My code doesn't compile, I keep having the message
ta5p =(f(x+2.d0*h)-2.d0*f(x+h)+2.d0*f(x-h))/(2.d0*(h**3))
1
Error: Function 'f' at (1) has no IMPLICIT type
and Incompatible ranks 0 and 1 in assignment at (1)
I need to create a program that computes the difference (o(i) i = 1,n) between the exact derivative and the numerical derivative. That was applied for some higher-order methods, that are indicated in my program as s2p,t2p, s3p, s5p, ss3p, ss5p and ta5p. The first, second and third derivative are defined as df, d2f and d4f, respectively. I tried to use functions in this so my loop remains organized, which made my program really big.

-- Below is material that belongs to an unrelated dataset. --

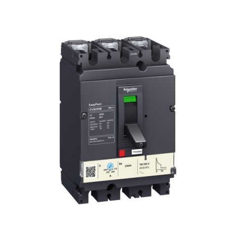 Az EasyPact CVS250B egy 3-pólusú 3d-s fix áramköri megszakító, amely magas teljesítményű és költséghatékony funkciókkal rendelkezik. Kis- és közepes méretű épületvédelmi alkalmazások esetén ideális választás. Az Icu megszakítóképessége 25 kA rms 415 V~ 50/60 Hz esetén. A működési feszültség 440 V~ 50/60 Hz. Ez a termék 250A névleges termikus-mágneses kioldóegységet (TMD) tartalmaz. A TMD kioldóegység állítható termikus túlterhelés elleni védelmet
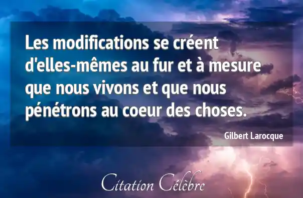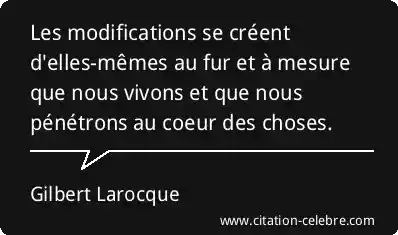 Les modifications se créent d'elles-mêmes au fur et à mesure que nous vivons et que nous pénétrons au coeur des choses.

The input is a table "tab1_in.dat" that informs, on the first line, the number of different values (n) of h, a constant in numerical differentiation, and on second line, what are the values of h.
Here is the code
program numerical differentiation
implicit none
integer i, n
real*8 h(100), o(7)
real*8, parameter :: x0 = 1.d0/3.d0
open(10,file = "tab1_in.dat")
read(10,*)n !receives the number of different values of h
read(10,*) (h(i), i = 1,n) !receive the values of h
do i = 1,n
!Calculates the deviation between the two types of differentiation
o(1) = df(x0) - f2p(x0, h(k))
o(2) = df(x0) - t2p(x0, h(k))
o(3) = df(x0) - s3p(x0, h(k))
o(4) = df(x0) - s5p(x0, h(k))
o(5) = d2f(x0) - ss3p(x0, h(k))
o(6) = d2f(x0) - ss5p(x0, h(k))
o(7) = d3f(x0) - ta5p(x0, h(k))
write(*,*) o(1),o(2),o(3),o(4),o(5),o(6),o(7)
end do
contains
real*8 Function f(x) !the function that is being analyzed
real*8 x
f = (exp(4.d0*x))*(dcos(x/2.d0))
end function f
real*8 Function df(x) !first derivative of f(x)
real*8 x
df = (exp(4.d0*x))*(dcos(x/2.d0))
df = 4.d0*df - (1.d0/2.d0)*(exp(4.d0*x))*dsin(x/2.d0)
end function df
real*8 Function d2f(x) !second derivative of f(x)
real*8 x
d2f = (exp(4.d0*x))*(dcos(x/2.d0))
d2f = (63.d0/4.d0)*d2f - 4.d0*exp((4.d0*x))*dsin(x/2.d0)
end function d3f
real*8 Function d3f(x) !third derivative of f(x)
real*8 x
d3f = 61.d0*(exp(4.d0*x))*[dcos(x/2.d0))
d3f = d3f - (191.d0/8.d0)*(exp(4.d0*x))*dsin(x/2.d0)
end function d3f
!higher-order of numerical derivative
real*8 Function f2p(x,h)
real*8 x, h
f2p = (f(x + h)/h) - (f(x)/h)
end function f2p
real*8 function t2p(x,h)
real*8 x, h
t2p = (f(x) - f(x - h))/h
end function t2p
real*8 function s3p(x,h)
real*8 x, h
s3p = (f(x + h) - f(x - h))/(2.d0*h)
end function s3p
real*8 function s5p(x,h)
real*8 x,h
s5p=(f(x+2.d0*h)-8.d0*f(x+h)+8.d0*f(x-h)-f(x2.d0*h))/(12.d0*h)
end function s5p
real*8 function ss3p(x,h)
real*8 x,h
ss3p = (f(x+h)-2.d0*f(x)+f(x-h))/(h**2.d0)
end function ss3p
real*8 function ss5p(x,h)
real*8 x,h
ss5p =(-f(x+2.d0*h)+16.d0*f(x+h)-30.d0*f(x))/(12.d0*(h**2.d0))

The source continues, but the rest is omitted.